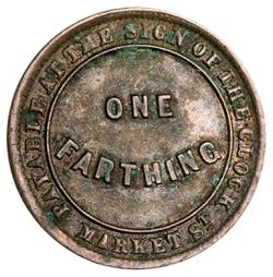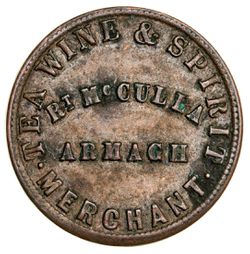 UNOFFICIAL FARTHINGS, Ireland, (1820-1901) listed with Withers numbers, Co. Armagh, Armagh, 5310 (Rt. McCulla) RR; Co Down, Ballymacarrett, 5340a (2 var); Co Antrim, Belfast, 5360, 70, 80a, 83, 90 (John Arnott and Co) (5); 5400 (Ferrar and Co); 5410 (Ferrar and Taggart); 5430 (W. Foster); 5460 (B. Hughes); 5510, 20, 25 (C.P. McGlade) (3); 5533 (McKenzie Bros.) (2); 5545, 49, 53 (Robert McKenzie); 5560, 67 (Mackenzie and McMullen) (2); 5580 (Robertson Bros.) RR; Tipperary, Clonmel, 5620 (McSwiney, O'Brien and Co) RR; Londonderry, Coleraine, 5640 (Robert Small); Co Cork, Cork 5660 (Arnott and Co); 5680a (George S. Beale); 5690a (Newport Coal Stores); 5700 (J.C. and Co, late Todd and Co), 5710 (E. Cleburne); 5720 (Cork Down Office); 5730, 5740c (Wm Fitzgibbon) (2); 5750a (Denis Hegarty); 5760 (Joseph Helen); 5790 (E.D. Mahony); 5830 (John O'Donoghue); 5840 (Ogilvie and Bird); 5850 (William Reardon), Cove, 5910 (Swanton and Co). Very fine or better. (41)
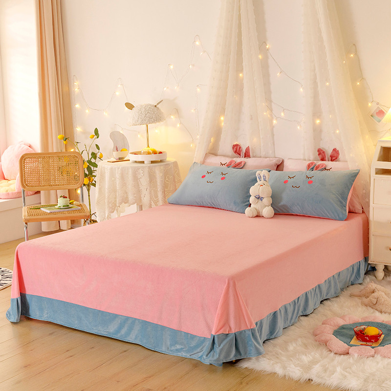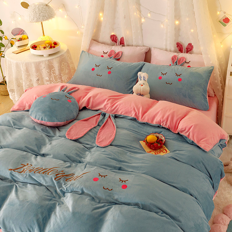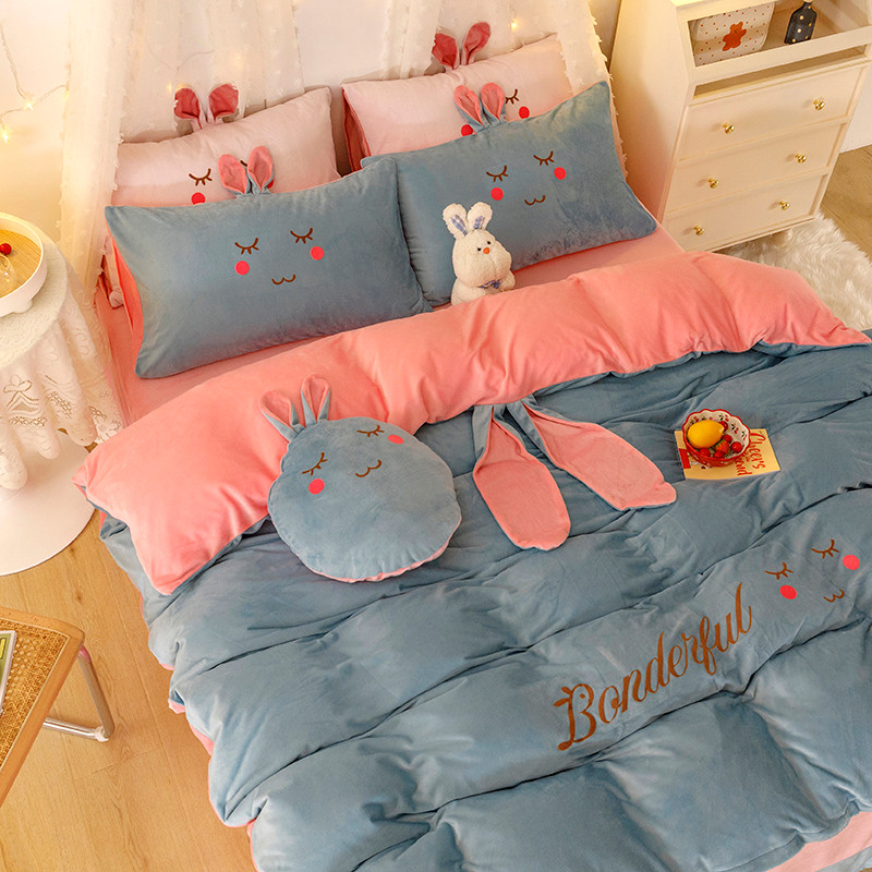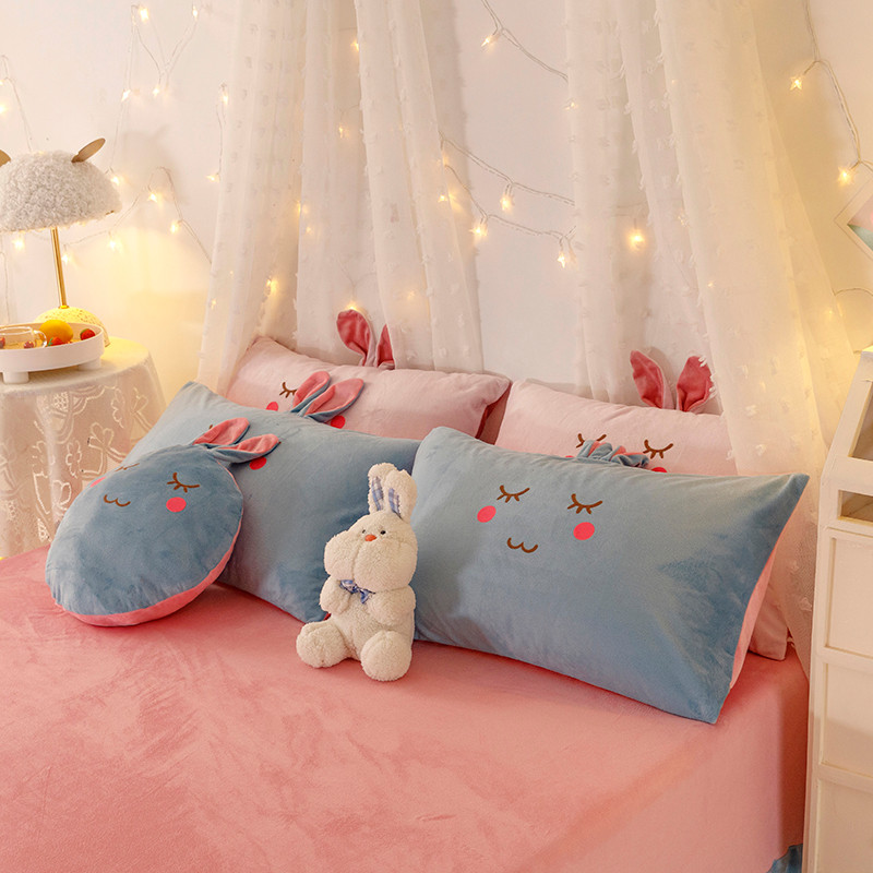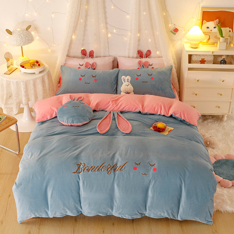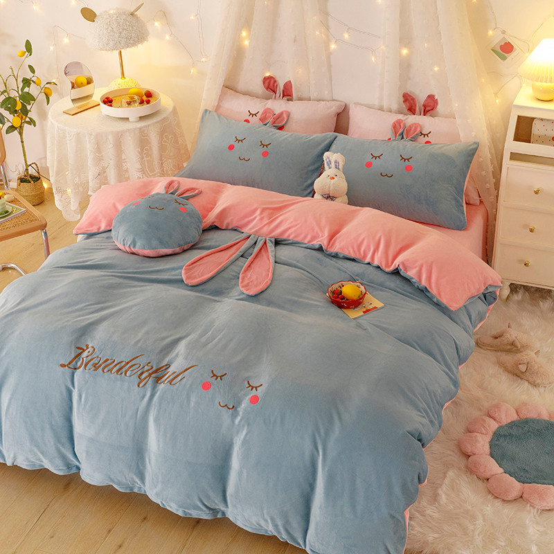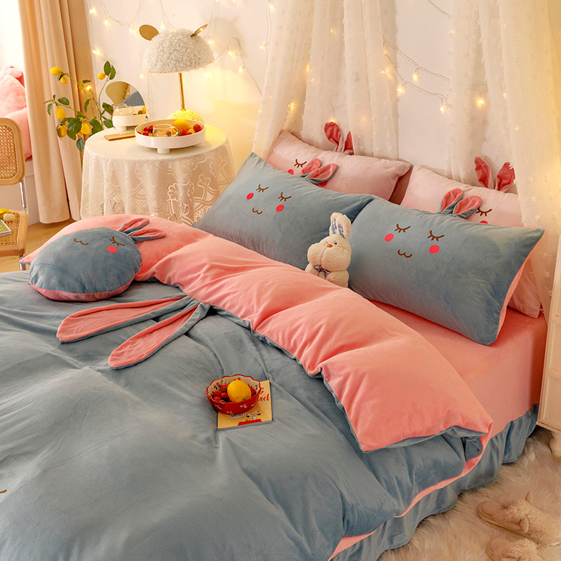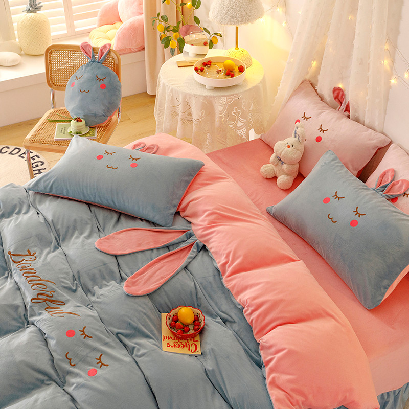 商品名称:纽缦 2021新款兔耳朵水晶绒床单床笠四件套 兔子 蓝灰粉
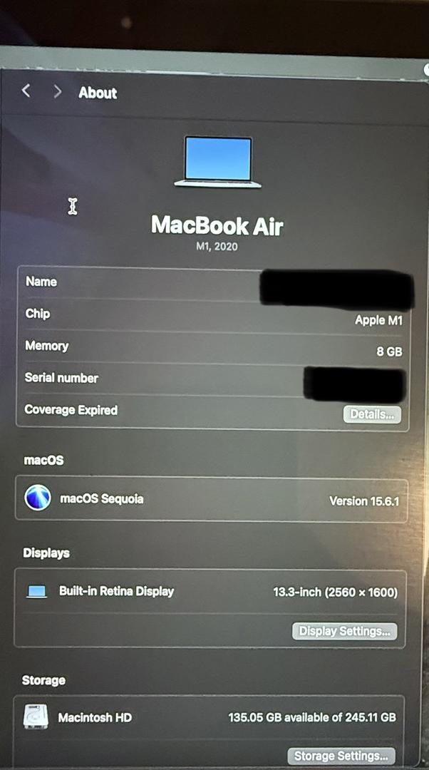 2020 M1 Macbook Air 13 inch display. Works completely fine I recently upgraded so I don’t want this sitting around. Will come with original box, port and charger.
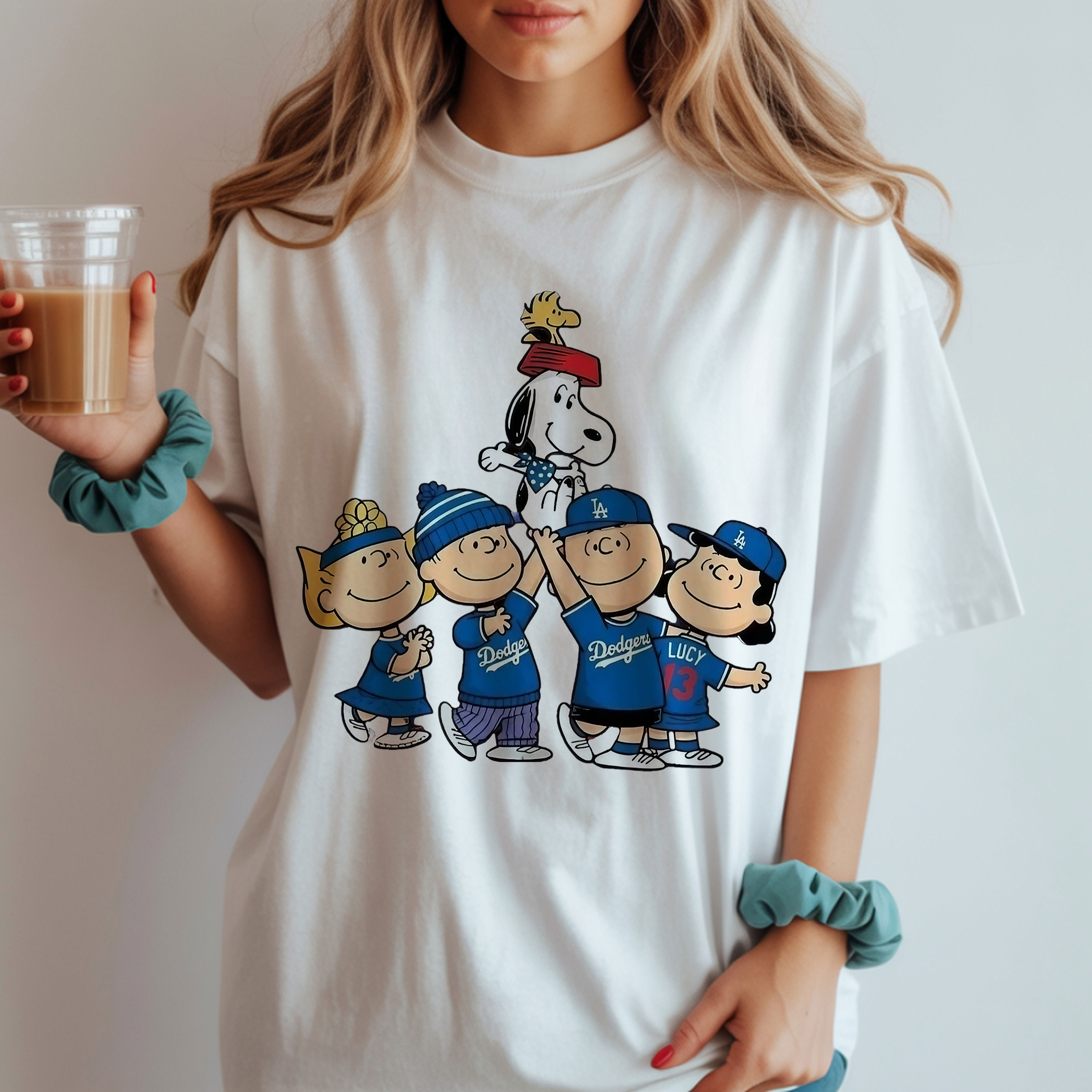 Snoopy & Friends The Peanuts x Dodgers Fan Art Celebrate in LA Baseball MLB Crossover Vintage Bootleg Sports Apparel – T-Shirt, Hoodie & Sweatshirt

◆ THE TASK:
Print only the lines from the one with "商品名称:纽缦 2021新款兔耳朵水晶绒床单床笠四件套 兔子 蓝灰粉" through the last line of the data above, exactly and with both ends, and please omit any pictures.

◆ REPLY TO THE EXERCISE:
 商品名称:纽缦 2021新款兔耳朵水晶绒床单床笠四件套 兔子 蓝灰粉
 2020 M1 Macbook Air 13 inch display. Works completely fine I recently upgraded so I don’t want this sitting around. Will come with original box, port and charger.
 Snoopy & Friends The Peanuts x Dodgers Fan Art Celebrate in LA Baseball MLB Crossover Vintage Bootleg Sports Apparel – T-Shirt, Hoodie & Sweatshirt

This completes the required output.